The purchase price was determined through negotiation of the parties to the
Purchase Agreement. The purchase price was paid using the available cash
reserves of the Corporation.

         The primary business of Solitra is the supply of radio frequency
equipment to leading international original equipment manufacturers. The
Corporation did not purchase the tower top amplifier business line of Solitra.
The Corporation plans to continue to operate Solitra as a wholly-owned
subsidiary.

         In connection with the Purchase Agreement, ADC and Solitra entered into
a License Agreement dated as of October 31, 2001 (the "LICENSE AGREEMENT")
pursuant to which ADC granted a license to certain of its patents to Solitra and
Solitra granted a license to certain of its patents to ADC and its subsidiaries.

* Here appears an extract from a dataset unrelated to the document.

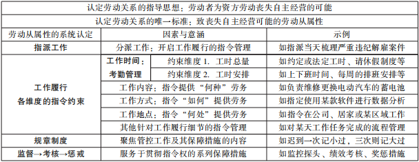 (二)“综合衡量管理因素模式”的要义:使劳动者丧失自主经营可能的指令

         The Corporation issued a press release relating to its execution of the
Purchase Agreement and issued a press release on completion of its acquisition
of Solitra. The October 8, 2001 press release and the October 31, 2001 press
release are attached hereto as Exhibit 99.1 and Exhibit 99.2, respectively.

         Attached hereto as Exhibit 2.1, Exhibit 2.2 and Exhibit 10.1,
respectively, and incorporated herein by reference are copies of the Purchase
Agreement, Amendment No. 1 to the Purchase Agreement and the License Agreement.
The foregoing descriptions of the Purchase Agreement and the License Agreement
are qualified in their entirety by reference to the attached exhibits.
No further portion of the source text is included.